The Distributed Computing Library (dislib) provides distributed algorithms ready to use as a library. So far, dislib is highly focused on machine learning algorithms, and is greatly inspired by scikit-learn. However, other types of numerical algorithms might be added in the future. The main objective of dislib is to facilitate the execution of big data analytics algorithms in distributed platforms, such as clusters, clouds, and supercomputers.
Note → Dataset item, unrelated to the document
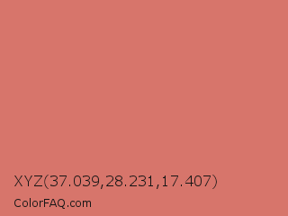 XYZ 37.039,28.231,17.407 Color is a light red color and the nearest color is Japonica #d87c63. Hex code #d7756b and RGB value is rgb(215,117,107). In RGB color space, this color is composed of 84% red, 46% green, 42% blue, In CMYK color space, this color is composed of 0% cyan, 46% magenta, 50% yellow , 16% black , In HSL color space, this color has a hue angle of 6° , 57% saturation and 63% lightness.

Dislib has been implemented on top of PyCOMPSs programming model, and it is being developed by the Workflows and Distributed Computing group of the Barcelona Supercomputing Center.
Documentation¶
Performance¶
The following plot shows fit time of some dislib models on the MareNostrum 4 supercomputer (using 8 worker nodes):
Labels on the horizontal axis represent algorithm-dataset, where:
ALS = AlternatingLeastSquares
CSVM = CascadeSVM
GMM = GaussianMixture
Load =
load_svmlight_file
RF = RandomForestClassifier
Shuf =
shuffle
TR =
Array.transpose
and:
Netflix = The Netflix Prize dataset.
KDD99 = The KDDCUP 1999 dataset.
ijcnn1 = The ijcnn1 dataset.
gaia = The Tycho-Gaia Astrometric Solution dataset 1.
100M and 300M = 100 and 300 million random samples, with 100 features each.
mnist = The mnist dataset.
20K = Square matrix of 20 thousand rows and 20 thousand columns, with random values.
Source code¶
The source code of dislib is available online at Github.
Support¶
If you have questions or issues about the dislib you can join us in Slack.
Alternatively, you can send us an e-mail to support-compss@bsc.es.
Citing dislib¶
If you use dislib in a scientific publication, we would appreciate citations to the following paper:
J. Álvarez Cid-Fuentes, S. Solà, P. Álvarez, A. Castro-Ginard, and R. M. Badia, “dislib: Large Scale High Performance Machine Learning in Python,” in Proceedings of the 15th International Conference on eScience, 2019, pp. 96-105
Bibtex:¶
@inproceedings{dislib,
title = {{dislib: Large Scale High Performance Machine Learning in Python}},
author = {Javier Álvarez Cid-Fuentes and Salvi Solà and Pol Álvarez and Alfred Castro-Ginard and Rosa M. Badia},
booktitle = {Proceedings of the 15th International Conference on eScience},
pages = {96-105},
year = {2019},
}
Indices and tables¶
- 1
Michalik, Daniel, Lindegren, Lennart, and Hobbs, David, “The Tycho-Gaia astrometric solution - How to get 2.5 million parallaxes with less than one year of Gaia data,” A&A, vol. 574, p. A115, 2015.